## The task
Write out the lines of the material below exactly, beginning at the line with "Queenslander Chelsea Angell" and stopping after the line with "溴酚蓝不知道是不见了 还是变成黄色了 胶都翘起来了,上图(样品是偏酸性的,但加PBS等体积稀释了。)", and leave out the pictures.

## Supplied entries

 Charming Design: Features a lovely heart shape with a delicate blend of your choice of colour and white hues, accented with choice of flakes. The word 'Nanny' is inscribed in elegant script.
...
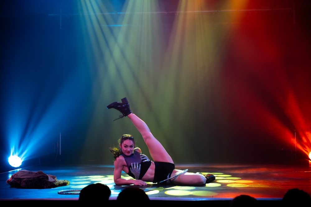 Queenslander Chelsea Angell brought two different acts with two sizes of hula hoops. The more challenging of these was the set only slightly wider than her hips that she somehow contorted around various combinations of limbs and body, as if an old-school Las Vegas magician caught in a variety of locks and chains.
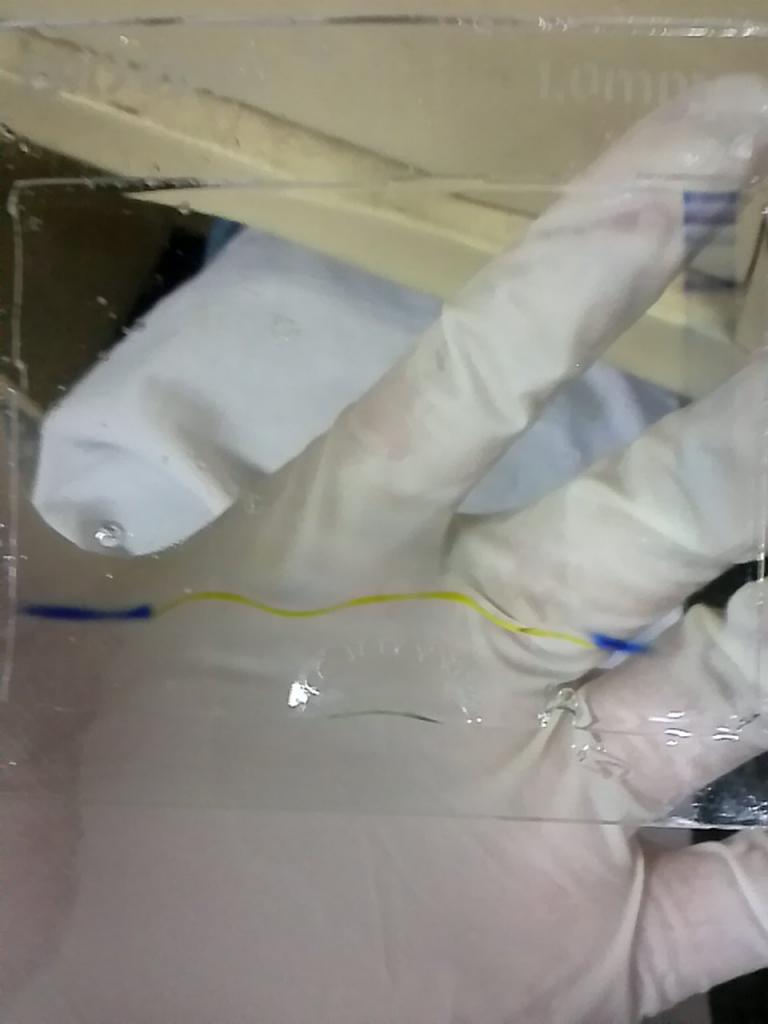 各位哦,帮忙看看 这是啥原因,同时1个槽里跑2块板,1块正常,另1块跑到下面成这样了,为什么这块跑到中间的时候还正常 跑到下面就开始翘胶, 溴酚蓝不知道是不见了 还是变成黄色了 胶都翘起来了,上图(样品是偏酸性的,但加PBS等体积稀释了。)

## Exercise result
 Queenslander Chelsea Angell brought two different acts with two sizes of hula hoops. The more challenging of these was the set only slightly wider than her hips that she somehow contorted around various combinations of limbs and body, as if an old-school Las Vegas magician caught in a variety of locks and chains.
 各位哦,帮忙看看 这是啥原因,同时1个槽里跑2块板,1块正常,另1块跑到下面成这样了,为什么这块跑到中间的时候还正常 跑到下面就开始翘胶, 溴酚蓝不知道是不见了 还是变成黄色了 胶都翘起来了,上图(样品是偏酸性的,但加PBS等体积稀释了。)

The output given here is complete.